## EXERCISE INSTRUCTIONS:
From the records that follow, copy every line that contains the word "with".

## DATA FOR THIS TASK:
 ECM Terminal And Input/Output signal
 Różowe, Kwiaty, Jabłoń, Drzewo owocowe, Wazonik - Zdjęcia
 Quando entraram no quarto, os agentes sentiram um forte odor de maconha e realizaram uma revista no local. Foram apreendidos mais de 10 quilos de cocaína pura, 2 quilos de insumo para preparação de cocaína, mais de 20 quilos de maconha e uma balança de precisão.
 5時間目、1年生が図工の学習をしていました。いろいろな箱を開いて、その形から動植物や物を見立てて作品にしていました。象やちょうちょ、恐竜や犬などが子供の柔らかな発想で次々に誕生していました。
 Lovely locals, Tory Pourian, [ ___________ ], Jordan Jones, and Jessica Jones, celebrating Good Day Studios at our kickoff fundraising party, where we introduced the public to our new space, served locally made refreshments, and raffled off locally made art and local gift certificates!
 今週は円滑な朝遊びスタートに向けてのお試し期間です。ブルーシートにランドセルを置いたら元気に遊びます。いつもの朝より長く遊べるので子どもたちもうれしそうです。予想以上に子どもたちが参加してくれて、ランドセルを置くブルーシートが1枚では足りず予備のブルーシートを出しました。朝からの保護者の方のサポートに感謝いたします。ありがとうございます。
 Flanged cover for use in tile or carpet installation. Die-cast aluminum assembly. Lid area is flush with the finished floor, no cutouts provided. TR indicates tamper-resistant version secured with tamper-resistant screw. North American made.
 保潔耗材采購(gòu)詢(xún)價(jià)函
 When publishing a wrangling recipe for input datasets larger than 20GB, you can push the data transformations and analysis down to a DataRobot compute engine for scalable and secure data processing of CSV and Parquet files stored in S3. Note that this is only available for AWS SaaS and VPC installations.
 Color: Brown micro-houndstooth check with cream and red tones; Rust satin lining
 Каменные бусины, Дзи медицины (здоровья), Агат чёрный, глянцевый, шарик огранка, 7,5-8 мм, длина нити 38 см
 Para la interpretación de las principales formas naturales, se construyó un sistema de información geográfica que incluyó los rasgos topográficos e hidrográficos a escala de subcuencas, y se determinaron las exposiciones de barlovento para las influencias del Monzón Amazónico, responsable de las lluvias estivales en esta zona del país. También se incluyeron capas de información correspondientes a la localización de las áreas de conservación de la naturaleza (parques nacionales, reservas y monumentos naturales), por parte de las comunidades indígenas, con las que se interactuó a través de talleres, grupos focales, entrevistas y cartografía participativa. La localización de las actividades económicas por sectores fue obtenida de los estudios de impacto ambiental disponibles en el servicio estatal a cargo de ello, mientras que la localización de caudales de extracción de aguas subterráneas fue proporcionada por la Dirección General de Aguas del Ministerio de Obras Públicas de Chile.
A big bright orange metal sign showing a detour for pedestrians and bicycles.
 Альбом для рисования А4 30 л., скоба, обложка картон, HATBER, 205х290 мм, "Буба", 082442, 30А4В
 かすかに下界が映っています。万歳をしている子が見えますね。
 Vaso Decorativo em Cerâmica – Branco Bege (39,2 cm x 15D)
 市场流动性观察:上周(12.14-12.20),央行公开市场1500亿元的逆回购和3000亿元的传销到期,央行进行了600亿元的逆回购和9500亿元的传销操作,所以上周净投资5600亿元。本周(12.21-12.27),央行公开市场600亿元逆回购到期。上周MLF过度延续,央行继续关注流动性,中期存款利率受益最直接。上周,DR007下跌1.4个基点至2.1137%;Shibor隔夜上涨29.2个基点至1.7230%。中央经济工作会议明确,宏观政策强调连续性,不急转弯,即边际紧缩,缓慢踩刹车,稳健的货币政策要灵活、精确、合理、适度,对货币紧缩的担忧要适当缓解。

## TASK RESULT:
 Flanged cover for use in tile or carpet installation. Die-cast aluminum assembly. Lid area is flush with the finished floor, no cutouts provided. TR indicates tamper-resistant version secured with tamper-resistant screw. North American made.
 Color: Brown micro-houndstooth check with cream and red tones; Rust satin lining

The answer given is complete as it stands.